“Indonesia mengalami capital outflow terutama dalam pemegangan government bonds kita yang mengalami penurunan hingga Rp126 triliun,” kata Menkeu Sri Mulyani dalam Rapat Kerja bersama Komisi XI DPR RI di Jakarta, Rabu.
Sri Mulyani menjelaskan capital outflow hingga mencapai Rp126,85 triliun ini terjadi sebagai dampak dari pengetatan likuiditas dan suku bunga di negara maju seperti Eropa dan Amerika Serikat (AS) sehingga Indonesia dan emerging countries lain terkena imbasnya.
Meski demikian, ia mengatakan Indonesia beruntung pada 2021 dan 2022 karena pemerintah berhasil menurunkan exposure kepemilikan asing dalam governement bonds yang sebelum pandemi mencapai 38,5 persen menjadi 15,34 persen.
“Pada 26 Agustus 2022 foreign holders kita di 15,34 persen artinya meski terjadi movement capital outflow yang mencapai Rp126,85 triliun tapi dampak terhadap yield menjadi lebih bisa dikelola,” jelasnya.
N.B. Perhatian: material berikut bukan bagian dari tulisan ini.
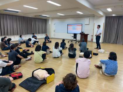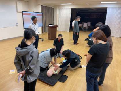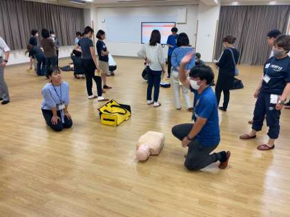 教職員のみなさんは、DVDを見たのち、心肺蘇生とAEDの使い方を実際に行いました。
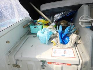フロアパネル下には収納庫を装備しており、トイレはポータブルトイレです。
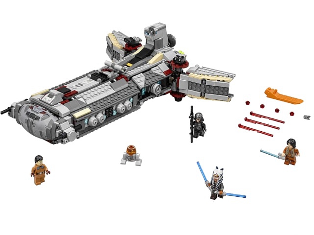Из деталей набора Лего 75158 боевой фрегат повстанцев. Его вытянутый корпус покрывают бронированные пластины серого цвета. Спереди видена кабина пилота с закруглённым стеклом. По бокам от неё располагаются ионные орудия, а под ними - два пружинных шутера, бьющих точно в цель. Дополнительным вооружением служат две вращающиеся турели, закреплённые на хвосте корабля. Центральная часть фрегата оборудована съёмной прямоугольной крышей. Подняв её, можно получить доступ к интерьеру всего воздушного судна. Здесь есть место пилота, окружённое подробной панелью управления, капитанский мостик с дисплеем, два посадочных места для экипажа и крепления для световых мечей или дополнительных боеприпасов.
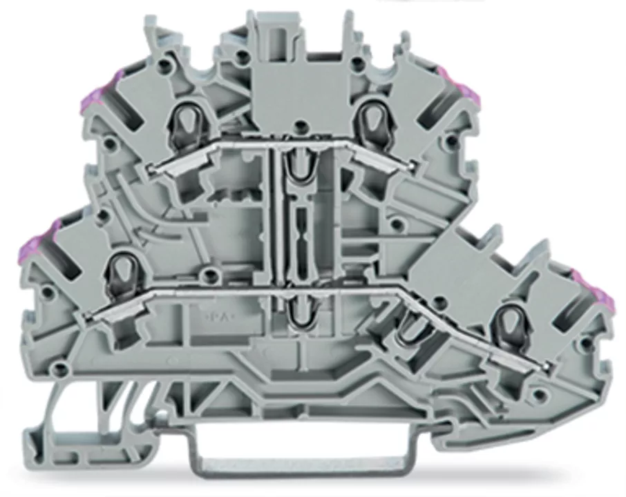 złączka 2-piętrowa; złączka przelotowa 4-przewodowa; L; bez podstawki oznacznika; z mostkowaniem wewnętrznym; otwory na przewody z fiolet. nadrukiem; na szynę TS 35 x 15 i 35 x 7,5; Push-in CAGE CLAMP®; 1,00 mm²; szary
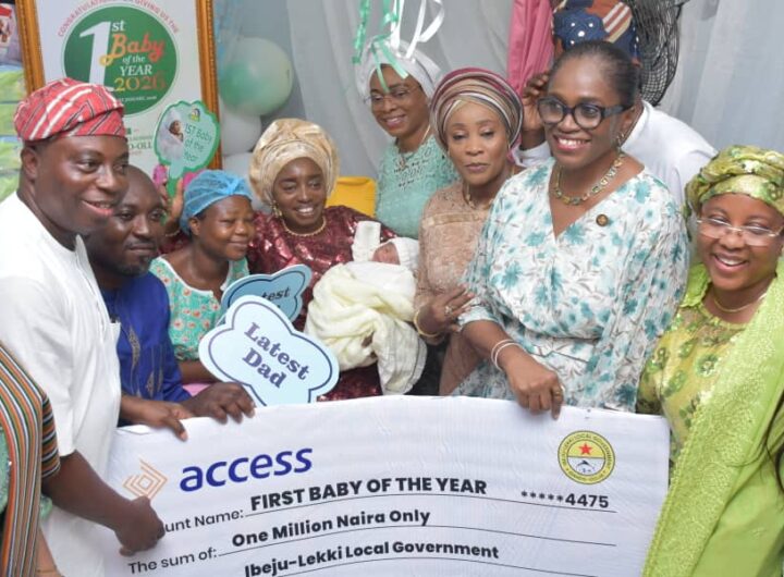 L-R: Chairman Ibeju-Lekki LGA, Hon. Abdullahi Olusesan Olowa; Parents of the first baby, Mr. and...
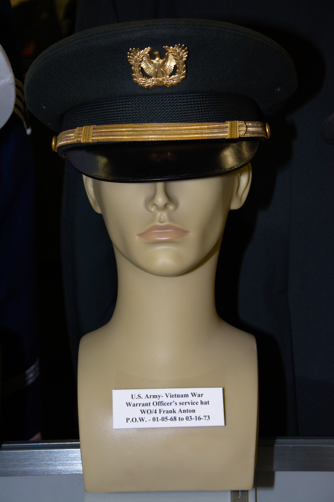 Vietnam War US Army Warrant Officer’s service hat worn by WO/4 Frank Anton, POW 01-15-1968 to 03-16-1973. Vietnam War US Army Warrant Officer’s service hat worn by WO/4 Frank Anton, POW 01-15-1968 to 03-16-1973.
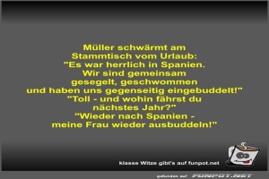 | Müller schwärmt am Stammtisch vom Urlaub Bild (35.11 KB) 5Lustiges → klasse Sprüche und Witze | Lustiges → klasse Sprüche und Witze | 07.06.24-15:35 | Fossy | |
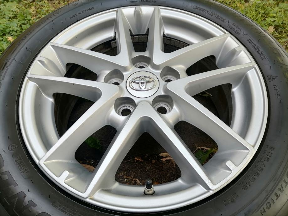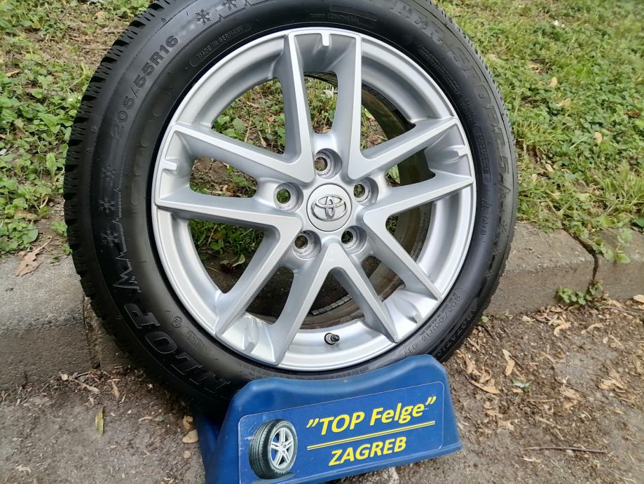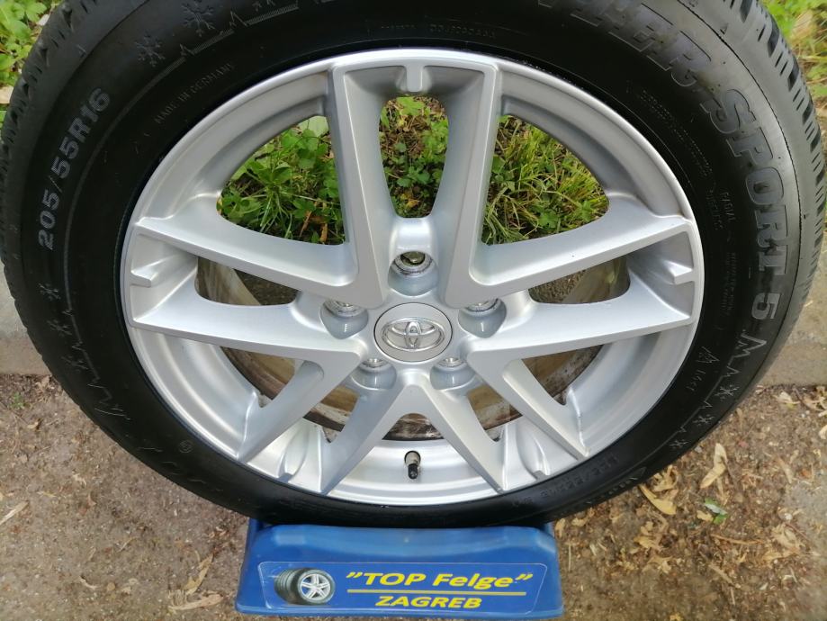 Uz felge dolaze originalni Toyota TPMS senzori sa ventilima pritiska zraka,slika br-6 !! Gume zimske M+S prakticki NOVE Dunlop Winter Sport 5 205/55x16 91T,made in Germany,dubina utora=ripne= 9 mm,puna ripna !!,sve balansirano,100%ispravno,uvoz iz D !!

Sri Mulyani menuturkan kinerja SBN dalam periode bergejolak ini relatif dalam situasi yang baik dibanding negara lain seperti AS yang yield US Treasury-nya melonjak lebih dari 100 persen. Dalam hal ini, Indonesia secara year-to-date (ytd) juga mengalami kenaikan dari bonds 10 tahun di 12,4 persen, sedangkan Filipina 28,7 persen dan Meksiko 17,5 persen.
“Ini adalah suatu yang harus kita jaga karena berhubungan dengan cost of fund dari pembiayaan kita,” tegas Sri Mulyani.
Sementara sebelum terjadi pandemi COVID-19 yakni pada 2019, emerging countries sempat menikmati capital inflow sekitar 70 miliar dolar AS, sedangkan pada 2022 terjadi capital outflow hingga minus 50 miliar dolar AS.
“Ini adalah reverse terhadap keberadaan hard currency terutama dolar yang sangat menentukan banyak negara,” kata Menkeu Sri Mulyani.
Sementara itu Bank Indonesia (BI) melaporkan terdapat aliran modal asing masuk bersih atau net inflow hingga 19 Agustus 2022 sebesar 1,6 miliar dolar Amerika Serikat (AS), sehingga menopang penguatan rupiah pada bulan ini.
"Investasi portofolio mencatat net inflow pada Agustus 2022 hingga tanggal 19, setelah sebelumnya mencatat net outflow sebesar 2,1 miliar dolar AS pada Juli 2022," ujar Gubernur BI Perry Warjiyo dalam Pengumuman Hasil RDG BI Bulan Agustus 2022 di Jakarta, Selasa.
Nilai tukar rupiah pada 22 Agustus 2022 menguat secara rerata sebesar 0,94 persen, meskipun terdepresiasi 0,37 persen dibandingkan dengan akhir Juli 2022.
Ia menyebutkan perkembangan tersebut sejalan dengan kembali masuknya aliran modal asing ke pasar keuangan domestik, terjaganya pasokan valas domestik, serta persepsi positif terhadap prospek perekonomian domestik, di tengah tetap tingginya ketidakpastian pasar keuangan global.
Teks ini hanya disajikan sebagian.